Far from being deterred from making legislation in this area which is not actually capable of being complied with, Parliament at Westminster has recently passed the Care Planning, Placement and Case Review (England) (Amendment) Regulations 2021/161 – whose Regulation 4 prohibits local authorities in England from placing children under 16 in an unregistered home and which it is anticipated will come into effect in September 2021. This led Lady Arden (in an individual Judgment) to question whether it is possible to use the inherent jurisdiction to authorise placements in unregistered children’s homes for those young people under 16.
The Court also considered a subsidiary question as to whether an order is necessary if the young person consents to care arrangements which amount to a deprivation of liberty. The case itself was one where the young person’s consent was plainly not a settled intention and an order was justified. However, where the consent of the child is “valid and sufficient” that is likely to mean that has been no deprivation of liberty [Lady Black, 162].
The leading family law commentator, Andrew Pack (AKA suesspiciousminds), who has long referred to the inherent jurisdiction as the Courts’ “Magical sparkle powers”, expressed his misgivings on the basis that such sticking-plaster solutions mean that children remain living in places where they are at risk of ill-treatment akin to the “pin-down” scandal. In this case, the Supreme Court did consider simply refusing to authorise these bespoke arrangements, but was concerned that it would not thereby comply with its positive obligations under Article 2 and 3.
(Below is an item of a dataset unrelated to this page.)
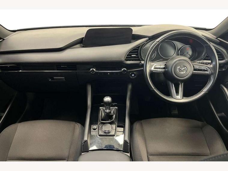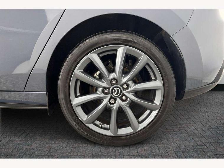 7" colour TFT display, 8.8" Colour centre touch screen display with Mazda Connect infotainment, Apple car play/Android Auto, Audio transfer from bluetooth devices, Blind spot monitoring with rear cross traffic alert, Colour active driving display inc Windscreen projected, Traffic Sign Recognition, turn-by- turn navigation and Mazda Radar Cruise Control information, Digital instrument cluster, Driver attention alert system, E-call with GPS, Emergency stop signalling system, Engine start/stop button, Front and rear parking sensor with audible and visual warning, Head up Display, Integrated bluetooth with steering wheel mounted controls, Intelligent speed assist, Lane keep assist system (LAS) with Lane departure warning system (LDWS), Mazda connected services, Mazda Navigation System with european mapping, Mazda Radar Cruise Control, Mobile App interface, Multimedia Commander, PAS, Reversing camera, Service indicator, Traffic sign recognition (TSR), Trip computer, Cylinder Deactivation, i-stop, Mazda Multimedia System with AM / FM / DAB radio with 8 speakers, Adaptive LED Headlights, Auto dimming driver's door mirrors, B-pillar garnish in piano black, Body coloured, electrically adjustable, heated auto power folding door mirrors with integrated indicators, Coming/leaving home lighting function, Dark metallic finish signature wing, Dual chrome tailpipes tip, Dusk sensing headlights, Electric front/rear windows with one touch/auto up/down, Frameless auto dimming interior rear view mirror, Front body coloured bumper with black lower bezel, Front kodo turn signal, Gloss black finish front grille, Gloss black rear roof spoiler, LED indicator lights, LED third brake light, Privacy glass with dark tinting on rear side windows and rear window, Rain sensing front wipers with adjustable sensitivity and speed, Rear colour coded bumper with gloss black lower moulding, Rear fog lights, Rear side wing doors, Signature LED daytime running lights, Signature LED rear combination lights, Speed adjustable rear wash wiper with intermittent wipe, 12v electrical power outlet, 3 seat bench in 2nd row, 60/40 split fold down rear seats, Black cloth door panel inserts, Cloth upholstery, Dark roof headlining, ceiling and pillars, Driver, front passenger and two rear door pockets, Driver, Front passenger and two rear grab handles with coathooks, Driver/passenger sunvisors + vanity mirrors (drivers side with ticket holder), Drivers seat manual slide recline and height adjustment, Dual zone climate control air conditioning, Folding rear centre armrest with two cup holders, Front and rear courtesy lamps, Front armrest, Front centre storage with two cupholders, Front head restraints, Front passenger seatback pocket, Front passengers seat manual slide, recline and height adjustment, Gear shift indicator, Heated front seats with 3 stage setting, Illuminated glovebox, Interior colouration dashboard and doorcards in black with dark stitching, ISOFIX child seat anchorage points attached on outer rear seats, Leather wrapped gear shift knob, Leather wrapped steering wheel, LED interior light, Luggage compartment light, Power outlet in luggage compartment, Roof mounted sunglasses holder, Single front passenger seat, Three height adjustable rear head restraints, Tilt/height adjustable steering wheel, USB input, 3 point ELR front seatbelts with pretensioners, 3 rear 3 point seatbelts with ELR, Anti-lock braking system (ABS), Drivers knee airbag, DSC - Dynamic Stability Control, Dual stage driver and single stage passenger airbags, EBD - Electronic brakeforce distribution, Electronic parking brake with auto disengage function and auto hold function, Front and rear curtain airbags, Front passenger airbag cut-off switch, Front side airbags, Front smart city brake support, G-Vectoring control plus, Hill launch assist, Intelligent Traction Control system, Manual child lock in rear doors, Mild Hybrid system with regenerative braking, Seatbelt reminder for driver/front passenger and rear seats, Tyre pressure monitoring system (TPMS), Auto door lock when driving, Remote central locking + deadlocks, Smart keyless entry, Thatcham accredited alarm and immobiliser, 18" Grey alloy wheels, Emergency tyre repair kit,

The implication of most of the Judgments and commentary on this tricky area of the law imply that it is a simple question of resources. There certainly appears to be a failure of the “market”. Many of those who appear in these cases might wonder whether there is also a failure of regulation. It is useful to consider the research report commissioned by the Department for Education (February 2020), entitled “Use of unregulated and unregistered provision for children in care”, where it emerges that registered children’s homes were becoming increasingly reluctant to accept children with highly complex needs and challenging behaviours. In part, this was as a result of registered providers becoming increasingly risk adverse because of their concerns about their Ofsted rating being negatively affected if they were unable to secure positive outcomes. There is also an assumption that registration is quick or anything other than deeply intrusive. The Supreme Court had the benefit of submissions by many interested parties and incorporated points made by many of them such as the Association of Lawyers for Children but did not appear to have invited Ofsted to be an interested party. This may have meant they had to give Judgment without all the pieces of the jigsaw.